*Task details*
Take the line containing "Experimenting with opacity" through the last line of the data and retype those lines exactly. Pictures do not belong in the copy.

*Source material*
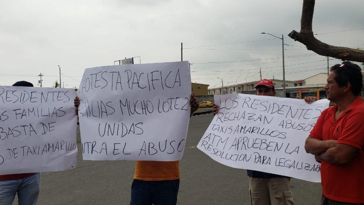 Desde las 07:00 de este martes 23 de abril, un grupo de residentes, que presta el servicio de taxi ejecutivo, en la urbanización Mucho Lote 2, situada en la autopista Narcisa de Jesús, se levantó con carteles para pedir la regularización de sus vehículos, con la finalidad de que puedan prestar el servicio de taxi.
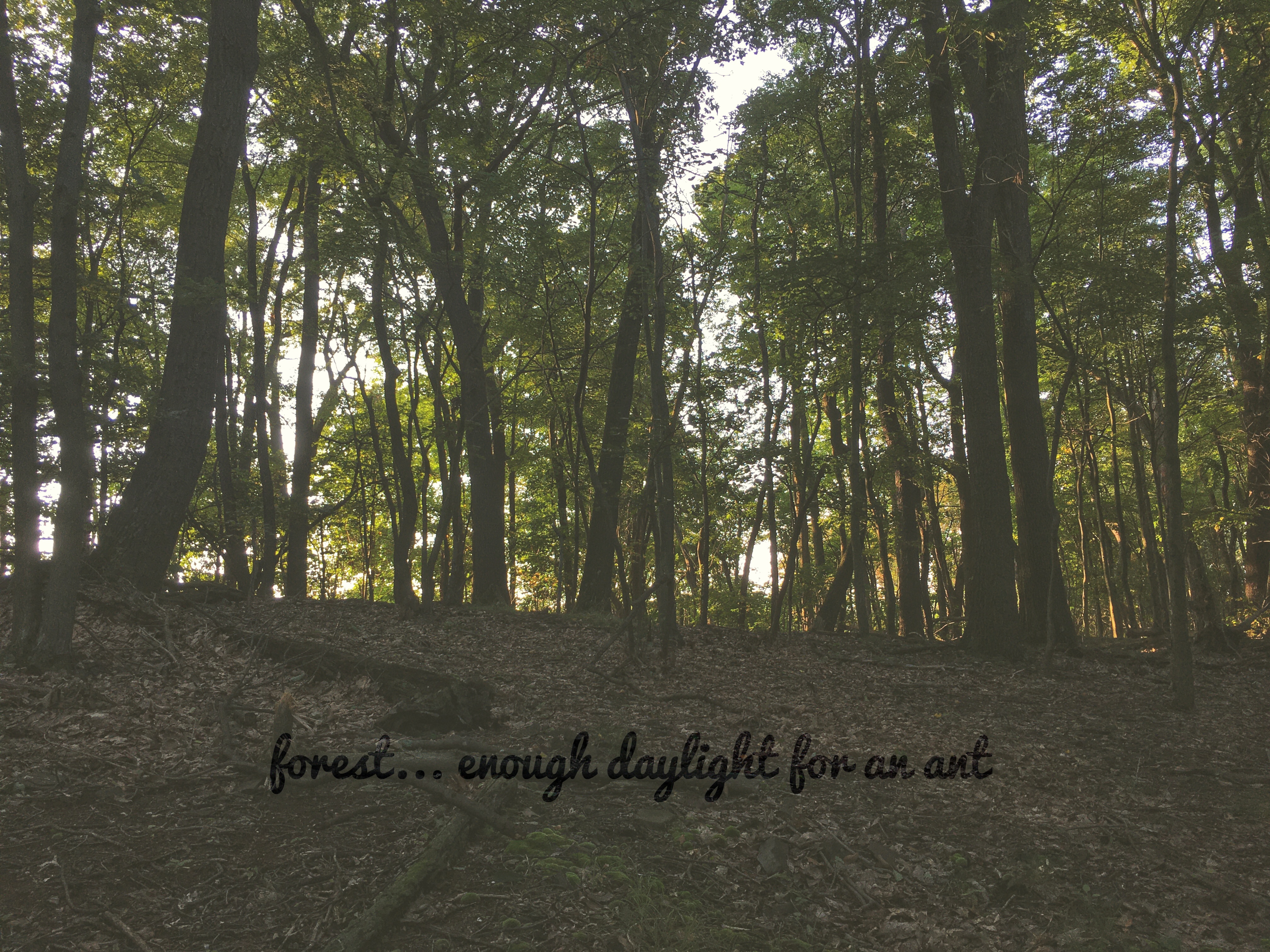 Experimenting with opacity in Snapseed’s Type tool. As for the haiku, I can’t decide whether “enough daylight for an ant” needs to go with something more striking, or whether it’s fine as a kind of comment on perceptions of forest darkness (haunt of the Big Bad Wolf and horror movie tropes, etc.).
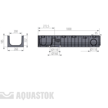 Лоток водоотводный пластиковый ЛВП NORMA DN200 H185
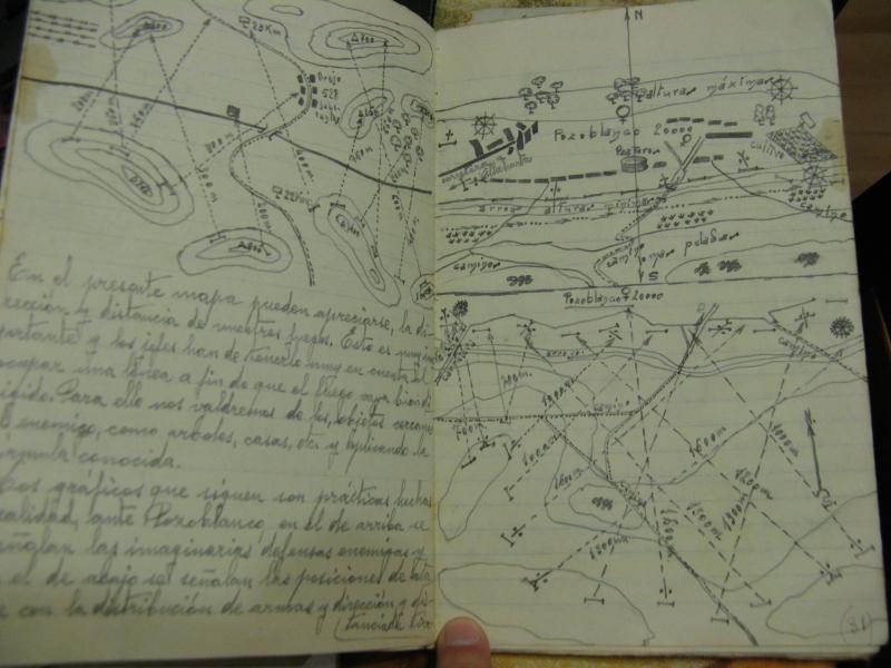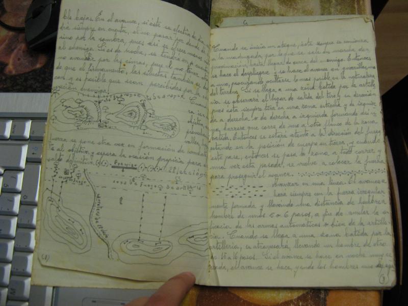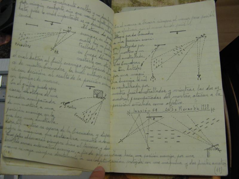 Os muestro una muestra de un librillo manuscrito por mi abuelo (93 años y aún vivo) a su paso por la escuela de sargentos de pozoblanco el año 1938 estando en el ejército republicano (por obligación, el no quería ir a la guerra).

*Output for this exercise*
 Experimenting with opacity in Snapseed’s Type tool. As for the haiku, I can’t decide whether “enough daylight for an ant” needs to go with something more striking, or whether it’s fine as a kind of comment on perceptions of forest darkness (haunt of the Big Bad Wolf and horror movie tropes, etc.).
 Лоток водоотводный пластиковый ЛВП NORMA DN200 H185
 Os muestro una muestra de un librillo manuscrito por mi abuelo (93 años y aún vivo) a su paso por la escuela de sargentos de pozoblanco el año 1938 estando en el ejército republicano (por obligación, el no quería ir a la guerra).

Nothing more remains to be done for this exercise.